В современной германской литературе, весьма разнообразной и довольно непредсказуемой, есть одна тема, которая, видимо, до некоторой степени определяет нынешнее мировоззрение немецкой литературной публики: вселенское одиночество. Не фигуральное — фигурально все умеют, — а буквальное. Когда вокруг — никого. То есть — вообще никого.

Семьдесят человек выходят на поверхность после экскурсии в Европейский центр ядерных исследований — и вокруг них прекращается время. Точно неизвестно, отчего именно их полудохлыми рыбами выкинуло на берег океана безвременья, в котором без видимых страданий пребывают остальные — в том числе их дети, жены, мужья, друзья. Мир остановился. Солнце застыло. Умерли циферблаты.
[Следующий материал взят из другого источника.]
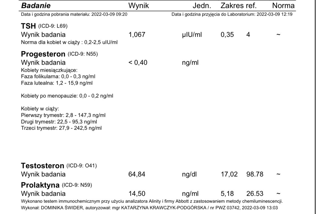 No właśnie nie wiem.. bo plamie :// mam podejrzenie PCOS a testy owulacyjne ( tak jak wyżej napisała koleżanka) wychodziły pozytywne :// nie wiem sama co o tym myślećTSH ok. Prugesteron wskazuje na brak owulacji. Pytanie czy zrobiłaś go w odpowiednim czasie (7-8dpo)? Z tego co kojarzę testosteron w górnej granicy. Prolaktyna w normie, chociaż spotkałam się z opinią, że przy staraniach optymalnie 10.

Пять лет семьдесят человек живут, как любое общество. Все пути и заблуждения человеческой истории в модели мира масштаба 1:86 000 000. Все теории развития государства воплощаются за пятилетку. Если соблюдать простые правила, семьдесят «зомби» могут ни в чем себе не отказывать. Сносный быт, секс с кем угодно без малейшего риска получить от ворот поворот, куча денег, которые низачем не нужны. Люди очутились в идеальных условиях — на острове Утопия, в Городе Солнца образца XXI века. Пересматриваются законы бытия — от физики до культуры и морали. Проходит два года, и противопехотные мины становятся насущнее часов — единственного хлипкого якоря, погруженного в реальное время, которого нет. Случившееся чересчур странно — поэтому все, что до сей поры было известно о мире, вполне можно отменить.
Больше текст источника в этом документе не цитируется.